The suggestion follows the publication of a paper arguing that oral steroids should be prescribed for all but the mildest asthma exacerbations.
Dr Steven Doherty of Australia's University of Newcastle wrote that, unless contraindications are present, patients with acute asthma should receive systemic corticosteroid doses equivalent to 1 mg/kg a day of prednisolone.
Dr Doherty examined evidence on the treatment of asthma exacerbations in emergency departments.

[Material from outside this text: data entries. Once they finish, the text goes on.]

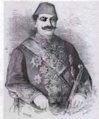
Resim 1. Sarkis Balyan (Pars Tuğlacı'dan)

ve Kevork Pamukçıyan 5 aynı tarihlerde Sarkis Balyan'ın Paris'te mimarlık eğitimi aldığını ve 1855'te École des Beaux-Arts'dan mezun olduğunu belirtmektedirler. Oysa elde ettiğimiz belgeler, Sarkis Kalfa'nın aynı tarihlerde İstanbul'da olduğunu ve mimarlık eğitimi almadığını göstermektedir. Aygül Ağır'ın École des Beaux-Arts ile yaptığı bir yazışma da bu belgeleri desteklemektedir. Ağır'a École des Beaux-Arts'dan gelen 4 Mayıs 1999 tarihli mektup Balyan Ailesi'nin hiçbir ferдинin bu okulda eğitim almadığını bildirmektedir. 6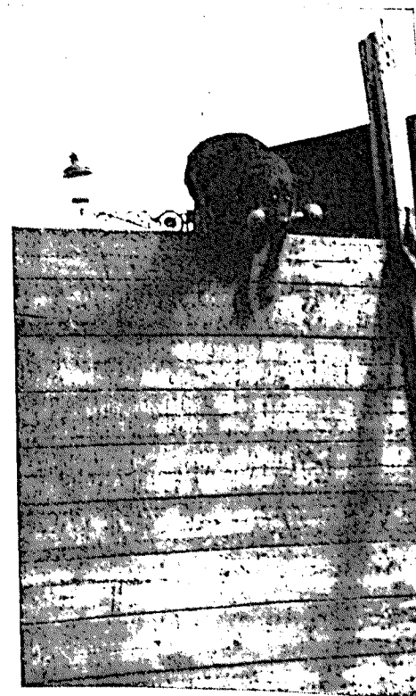
Rottweilertiken Mary tar på examensdagen det höga plankhoppet.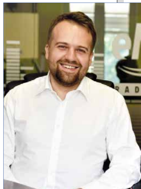
Marek Materek, prezydent Starachowic

Zagospodarowanie terenu wokół Zalewu Lubianka w Starachowicach jest zrealizowane w ramach Projektu „Rewitalizacja – Lepsze życie w Starachowicach, miście, które znalazło pomysły na siebie” (Zadanie 1 – Podniesienie atrakcyjności turystycznej miasta poprzez wykorzystanie potencjału Zalewu Lubianka). Projekt realizowany jest w ramach Regionalnego Programu Operacyjnego Województwa Świętokrzyskiego na lata 2014–2020, współfinansowany ze środków Unii Europejskiej. Koszt inwestycji: 30 milionów złotych.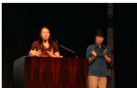
↑都市経済評論家 加藤康子氏による基調講演(テーマ:産業遺産と世界の街の取り組み)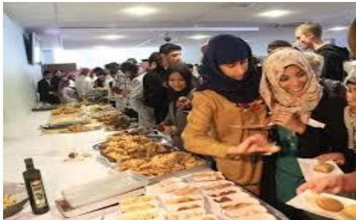
Rysunek 2. Ubiór muzułmanek w Polsce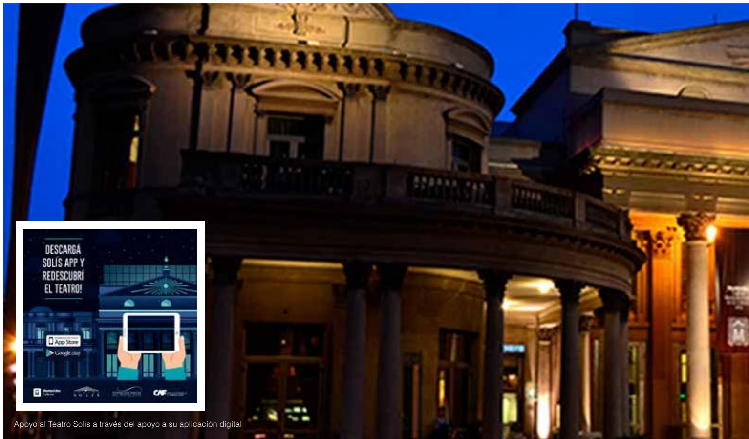
Apoyo al Teatro Solís a través del apoyo a su aplicación digital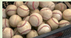
▲修繕されたボール。このように箱に入れて生徒たちに届けられる。

縫い目の部分的な修繕が1筒100円、ほとんど直す場合は200円である。また、同事業所では、学校名、校章、選手名、監督の言葉を刺繍で入れた記念球「思い球〜オモイダマ〜」を1筒2500円で作っている。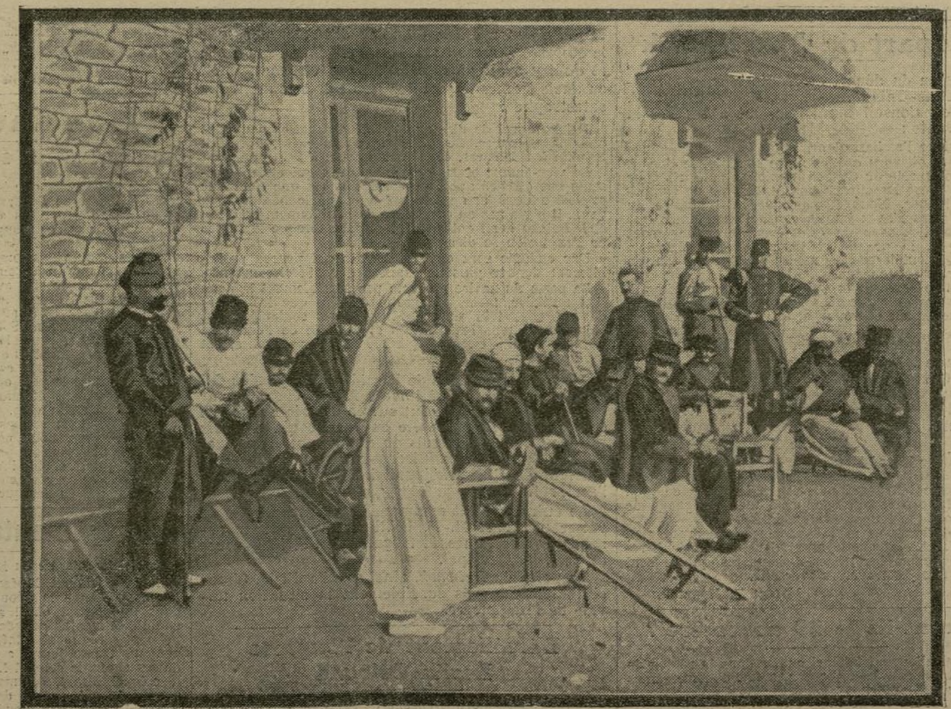
Un certain nombre de blessés terminent actuellement leur convalescence à l'ambulance de Trégastel, dans les Côtes-du-Nord. Plus de cinquante soldats, complètement rétablis, sont déjà retournés au feu après avoir reçu à cet hôpital les soins les plus dévoués.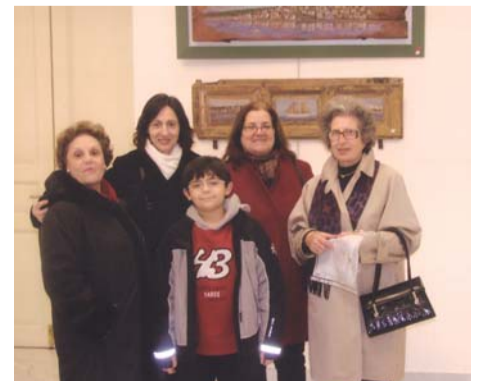
Από την παρουσία του Δ.Σ. του Συνδέσμου Γαλαξειδιωτών στα εγκαίνια της έκθεσης.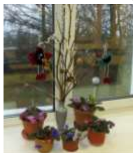
9б и 2 курс гр. «А»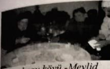
Bahçebozu köyü - Mevlid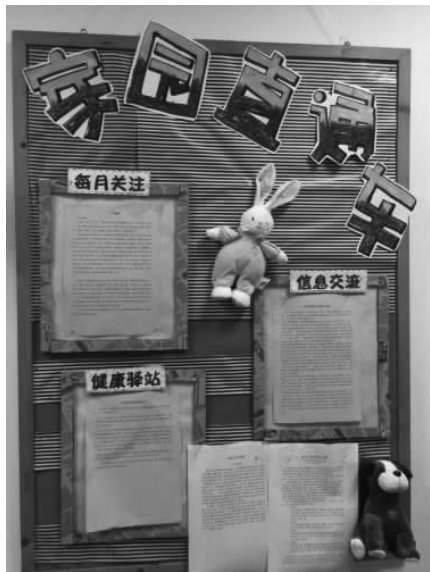
图 4-4 家园互动栏(南京市第二幼儿园)

家园合作的形式很多,如家长会、家访、个别交谈、家园联系手册、家园互动栏(见图 4-4)、家园活动展示(见图 4-5)、家长开放日、家长教育讲座、家长经验交流、亲子活动、教师信箱等。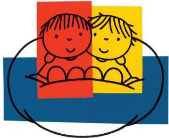
Afbeelding: Dick Bruna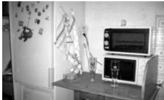
Afariak egiteko beharreko guztia izaten dute lokal horietan. HITZA

Gazte lokal horien errenta hilabeteko 250 eta 400 euro artekoa izaten da, eta horrez gain, elektrogailuak, altzariak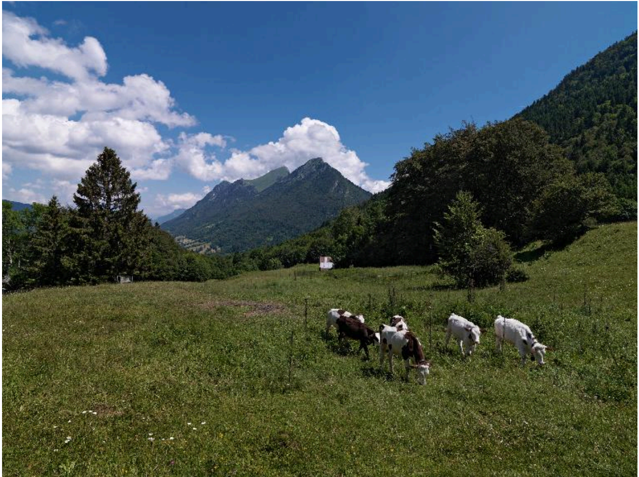
Vue générale de l'alpage du Cernay (on aperçoit un chalet à droite). Au fond, le Colombier.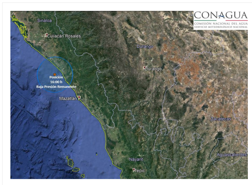
Posición de la baja presión remanente de "Pilar"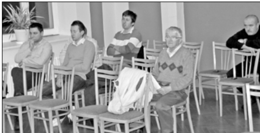
Občané sledují zasedání zastupitelstva města.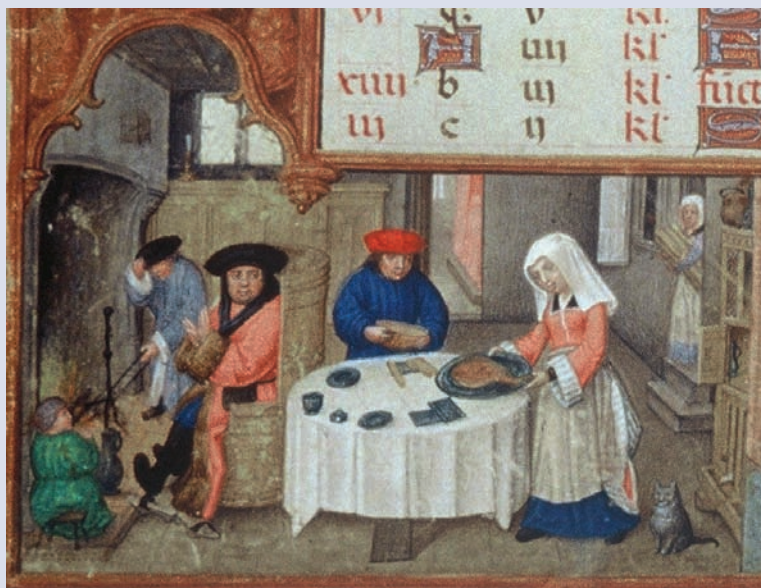
Dienstpersoneel dekt de tafel van hun meester. Folio met kalenderminiatuur uit het Breviarium Mayer van den Bergh, © Museum Mayer van den Bergh, Antwerpen

Het costuimrecht of gewoonterecht van steden als Antwerpen, Brugge en Gent bepaalde dat de juridische mogelijkheden en beperkingen van vrouwen afhankelijk waren van hun burgerlijke staat. In Antwerpen bijvoorbeeld, was het gehuwde vrouwen wel toegelaten om bepaalde (kleine) contracten zelfstandig af te sluiten en om zelf een testament te laten opstellen, maar voor andere zaken stonden zij onder de voogdij van hun echtgenoot. Ongehuwde vrouwen die meerderjarig waren (25 jaar) en weduwen werden door het gewoonterecht echter als juridisch onbekwaam beschouwd en waren daardoor verplicht om zich door een mannelijke voogd te laten vertegenwoordigen wanneer zij voor de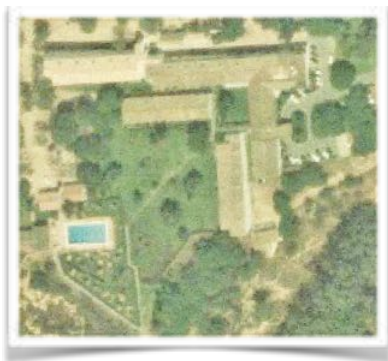
1098 Primera imagen aérea del parador de Moguer tras la ampliación de 2002 . En tejado de tono más claro, el nuevo pabellón.

Durante la década siguiente se produjeron importantes aumentos en la demanda que conminaron al gobierno central a anunciar el primero de febrero de 2000 que en los Presupuestos Generales del Estado habría consignados ciento veinte millones de pesetas para dotar al parador de Mazagón de un importante espaldarazo que se formalizó con creces al año siguiente al fijar el 19 de mayo de 2001 en doscientos setenta y cinco millones de pesetas la reforma integral , ampliación con un nuevo pabellón hacia el oeste y redecoración, culminados en 2002 , que ha llevado al parador hasta su configuración presente.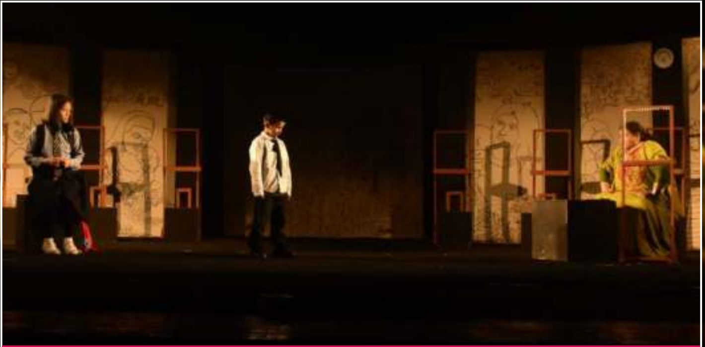
Performance of the Play 'Hasi' Directed by Viinod Rai and Written by Mamta Mehrotra by the artists of Imagination Bihar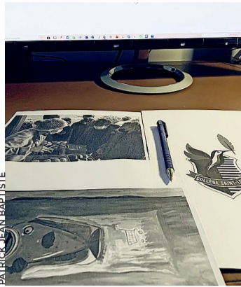
Dans le cadre du programme Eco-Schools.

L'association J'aime ma planète, basée à Genève, a entrepris un programme éducatif dénommé «Eco-Schools», avec un label du même nom, dernière étape valorisant les efforts entrepris par les écoles participantes. Ce programme axé sur la problématique du développement durable est destiné aux écoles de Suisse. Sur la Rive gauche, le collège Saint-Louis, à Corsier, y prend part et a obtenu ce label Eco-Schools.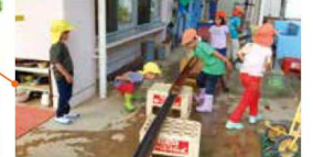
いろいろな道具を使って遊んでいます。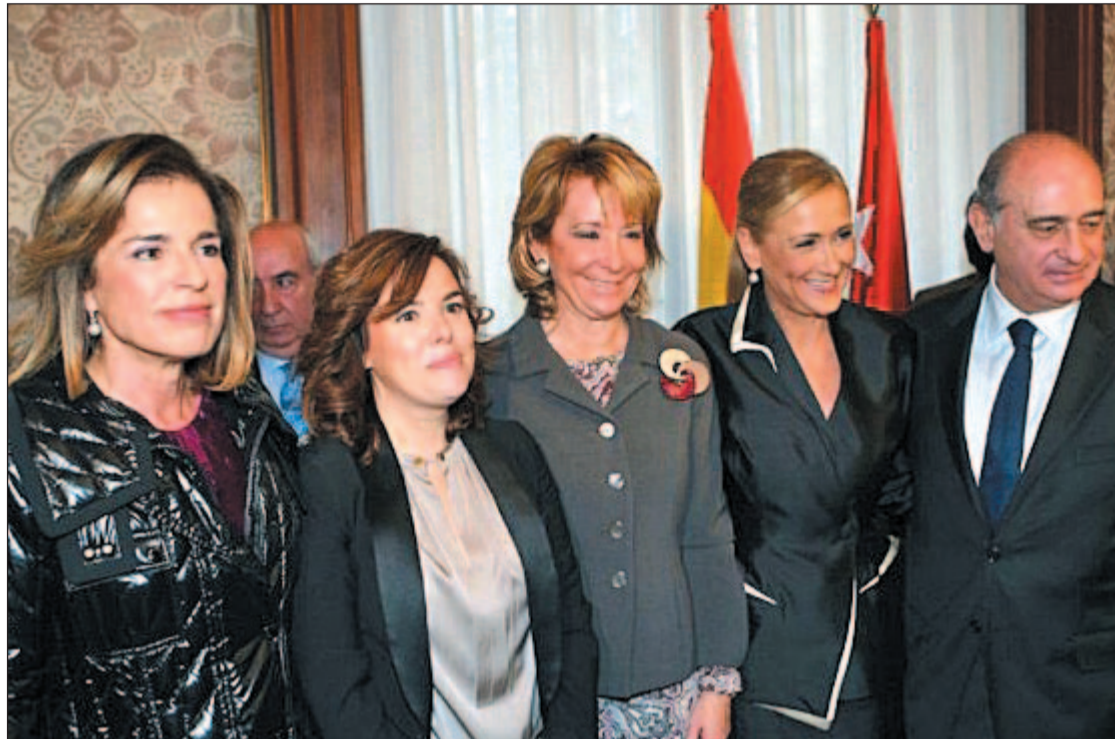
Cristina Cifuentes acompañada de Saenz de Santamaría, Aguirre y Botella

También confirmó que se va a reunir con los representantes de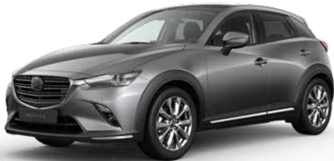
MACHINE GRAY METALLIC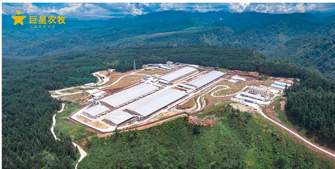
图 1：巨星农牧现代化平层猪场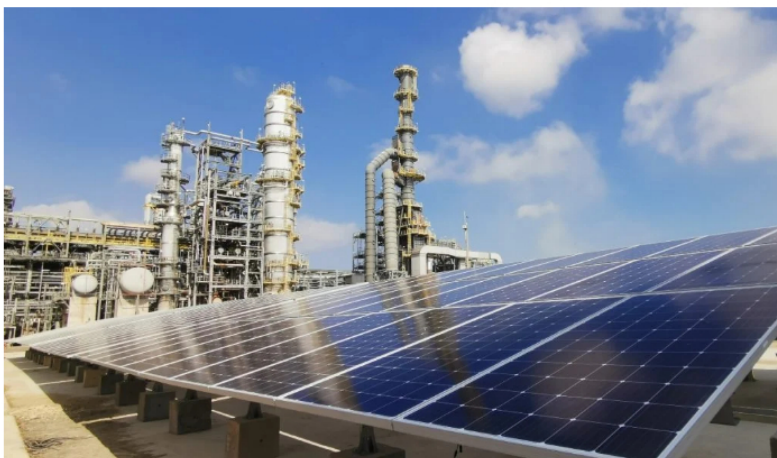
Gobierno Petro autorizó a Ecopetrol para generar energía con fuentes renovables no convencionales.

Los beneficios tributarios establecidos en la Ley 1715 de 2014, modificada por la Ley 2099 de 2021, establecidos para Fuentes no Convencionales de Energías Renovables (FNCER), serán aplicables a los proyectos de almacenamiento de energía eléctrica, de baterías y de estabilidad de la red en La Guajira.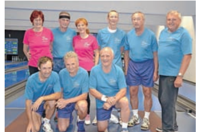
Ekipa DU Kamnik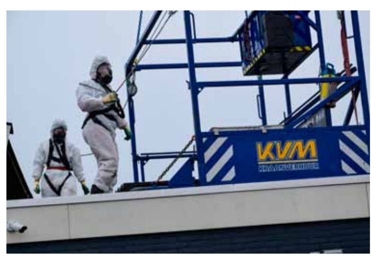
De werklui van Middendorp Montage.

Deze week werd er gestart met de renovatie van de oude Koekfabriek Andijk. De schuine da-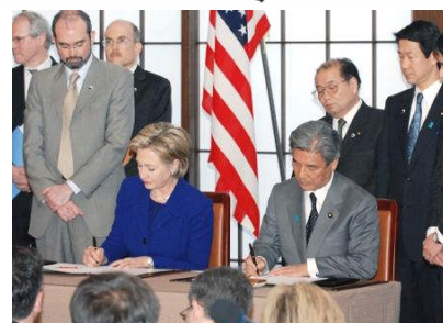
署名するクリントン国務長官

09年2月16日、ヒラリー・クリントン米国務長官がオバマ政権の閣僚として初めて来日しました。短い滞日時間の中でクリントン国務長官は、拉致被害者家族会メンバーとの面会や首相・民主党代表との会談などのハードスケジュールを精力的にこなしましたが、この一連の日程の中で一番重要なのが、「在沖縄海兵隊のグアム移転に係る協定」に署名したことです。中曽根外相とともに署名したこの協定は、正式には「第三海兵機動展開部隊の要員及びその家族の沖縄からグアムへの移転の実施に関する日本国政府とアメリカ合衆国政府との間の協定」と言い、その名称が示すように、在日米軍の再編に伴う米海兵隊のグアム移転について取り決めたものです。

He found that systemic corticosteroids were underprescribed.
'Although inhaled corticosteroids may yet be proved to be as effective as oral corticosteroids, most evidence to date favours systemic corticosteroids both in the acute stage and after discharge,' he said.
Dr Mike Thomas, chief medical officer for Asthma UK and a GP in Minchinhampton, Gloucestershire, said use of oral steroids by GPs and in A&E should be investigated.
He told GP that a short course of oral steroids was a safe and effective treatment for acute asthma exacerbations.
'Not every patient seen by GPs with a worsening of their asthma automatically needs a course of steroids, although if this is indeed a true asthma exacerbation then oral steroids should be given,' he said.
British Thoracic Society guidelines state that the old advice to 'double the dose or (give) oral steroids' is ineffective, and oral steroids should usually be given in the event of an exacerbation, he added.